I'll extend the conventional lexicographer's term "headword" to mean the full minimum form of a word which identifies it as in traditional dictionaries. For example, "ἀγορά [ᾰγορα̅], ἀγορᾶς, ἡ" is, in my lexicons, a "headword." "Heading identifier" or "entry identifier" would be better terms.

I'll encode headwords in Unicode UTF-8, including (in Greek) breathing and accent marks, but not including (in Greek at least) any short or long (macron) diacritical marks. In Greek, at least, I'll use precomposed characters for breathings and accents. I'll write out the versions of the word in full. Optionally, I'll indicate long and short vowels in additions in [square brackets] after a sub-word of the headword. I'll do this only after the first example if it would get repetitive. This is an extension of the practice of Liddell and Scott, who identify fragments of the word in this way. Thus, where Liddell and Scott have "ἀγορά [ᾰγ], ᾶς, ἡ" I have "ἀγορά [ᾰγορα̅], ἀγορᾶς, ἡ". I'll use combining diacritical marks to indicate length: U+0305 ("COMBINING OVERLINE") for the long mark or macron, U+0306 ("COMBINING BREVE") for the short mark, and U+0309 ("COMBINING HOOK ABOVE") to mark vowels I'm unsure of (because it looks a bit like a question mark). The use of the breve and overline/macron are relatively standard. The use of the "hook above" to indicate unknown length is entirely nonstandard. I should emphasize that when I indicate that a length is unknown, I mean only that I don't know it. I don't mean that it is in general unknown to a better scholar than me, much less that it is unknowable. By the same token, when I indicate a known length, I'm not implying that I know this through any analysis of my own. I've simply copied this information from one or more of the standard sources.

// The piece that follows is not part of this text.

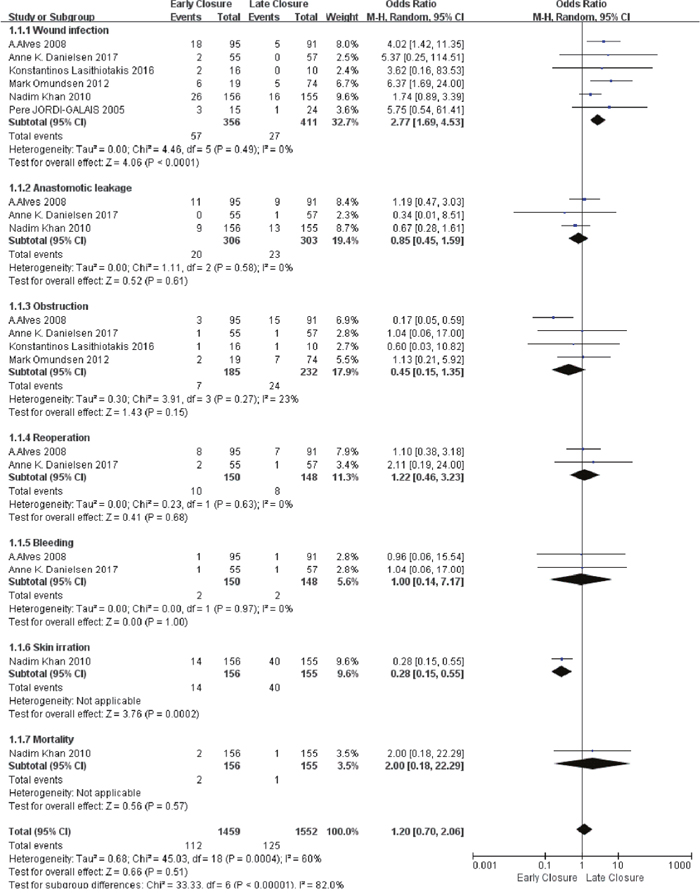 When data from the six studies were pooled, perioperative complications in 767 patients showed no significant difference between the early and late closure groups [9.4% and 7.6%, respectively; odds ratio (OR): 1.32; 95% confidence intervals (CI): 0.97–1.80; p = 0.08] (Figure 2). There was a higher prevalence of wound infection in the early closure group (16%; 57/356) than in the late closure group (6.57%; 27/411patients) (OR: 2.76; 95%CI: 1.70–4.50; p = 0.49; Figure 2). The early closure group also had a lower prevalence of obstruction (3.78%; 7/185) compared with that in the late closure group (10.3%; 24/232) (OR: 0.36; 95%CI: 0.15–0.86; p = 0.27; Figure 2). Anastomotic leakage and reoperation rates were available for three [13, 14, 32] and two studies [13, 14], respectively, and there were no significant differences between the two groups (6.54% and 7.59%; OR: 0.84; 95% CI: 0.45–1.56; p = 0.58; and 6.67% and 5.41%; OR: 1.23; 95% CI: 0.27–3.23; p = 0.63, respectively).

I identify the <entry> in an "xml:id" attribute, the value of which is first word in its "headword" (for example, just "ἀγορά", not "ἀγορά [ᾰγορα̅], ἀγορᾶς, ἡ"). I suppose I may encounter ambiguous situations where two headwords so abbreviated would be identical. When this happens, I'll extend the xml:id values on words I encounter subsequently to some non-ambiguous value. (Thus this is dependent upon the order in which I create the lexicon. This dependency is necessary so as not to break actual uses of the lexicon data via XInclude.) In creating these xml:id entries, I'll omit the [length information in square brackets]. Thus, if the "ἀγορά" entry were to turn out to be ambiguous, I'd extend it to "ἀγορά, ἀγορᾶς" rather than "ἀγορά [ᾰγορα̅], ἀγορᾶς".

TEI P5 allows xml:lang, but only to specify RFC 3066 language identifiers for element content. This isn't quite what is needed, What is needed is something that will distinguish languages and dialects within the present lexicon and between lexicons (e.g., Attic vs. Ionic, vs Latin, vs Vedic Sanskrit, etc. So just use a note.

Note the inflected forms only for the minimal set (e.g., for Greek nouns, nominative singular and genitive singular, for Greek verbs the principle parts).

1.3. Further Encoding for Wordlist Entries

Ideally, there would be no need for any further work to get "wordlist" information into this lexicon and out of it. After all, what more could there be in a wordlist than there is in a lexicon? Unfortunately, the tools get in the way.

The location of use of the wordlist data is outside of the lexicon itself, in other TEI encoded documents in this Notebook. In the TEI, as a markup language defined in XML, there are two ways to handle external materials.

They may be encoded as XML external entities. However, an XML external entity has no internal structure per se (other than whatever markup is contained within it). So this would involve importing the whole lexicon, or splitting the lexicon into separate files for each entry, or perhaps even separate files for each field of each entry (but then it would lose the structure of the entry). So I opted against this.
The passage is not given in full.